2.4 Biochemical assay
The gene encoding human SHP2WT (1-593) and SHP2PTP (237–529) were inserted into the pET30 vector respectively. Two proteins were purified and expressed as described previously in the literature25. The allosteric activation of SHP2 was observed upon the binding of a phosphorylated peptide containing bis-tyrosyl to its Src homology 2 (SH2) domain. This activation process leads to the liberation of the inhibitory interface of SHP2, thereby enabling the accessibility of its PTP domain for substrate identification and catalysis. The rapid fluorescence assay was employed to detect the catalytic activity of SHP2, utilizing DiFMUP as a surrogate substrate.
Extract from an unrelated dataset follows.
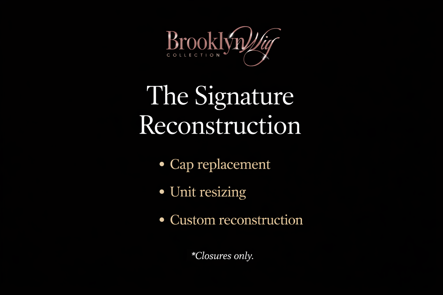 The Signature Reconstruction service is for units that need structural changes. Whether your wig needs to be reconstructed onto a new cap, resized for a better fit, or created from bundles and a closure — this service restores the foundation.

The experimental reagents prepared were as follows: 12.5 µL of buffer (75 mM NaCl, 75 mM KCl, 60 mM HEPES, pH 7.2, 1 mM EDTA, 0.05% P-20, 5 mM DTT), 2.5 µL of peptide IRS1_pY1172 (dPEG8) pY1222 (Shanghai Shengzhao Biotech Co., Ltd. cat. no. 79319-2), 2.5 µL of test compound, 2.5 µL of SHP2WT or SHP2PTP. And 20 µL reaction buffer was added to the 384-well plate (Perkin Elmer, cat. no. 6008260) and incubated for one hour at ambient temperature. Afterwards, the reaction was initiated by adding 200 µM surrogate substrate DiFMUP (Invitrogen, cat. no. D6567), followed by incubation at 25°C for an additional 30 minutes. Subsequently, a 5 µL solution containing bpV(Phen) with a concentration of 160 µM (Enzo Life Sciences cat# ALX-270-204) was added to halt the reaction. The fluorescence signal was then monitored by exciting the sample at 340 nm and measuring the emitted light at 450 nm. The inhibition rates were calculated by measuring the percentage of dephosphorylation of DiFMUP catalyzed by the enzyme. For each inhibitor, seven different concentrations were used to determine the IC50. SHP099 (Guangzhou Qiyun Biotechnology Co., Ltd., cat. no.1801747-42-1) was used as the positive control. Each experiment was performed at least three parallels.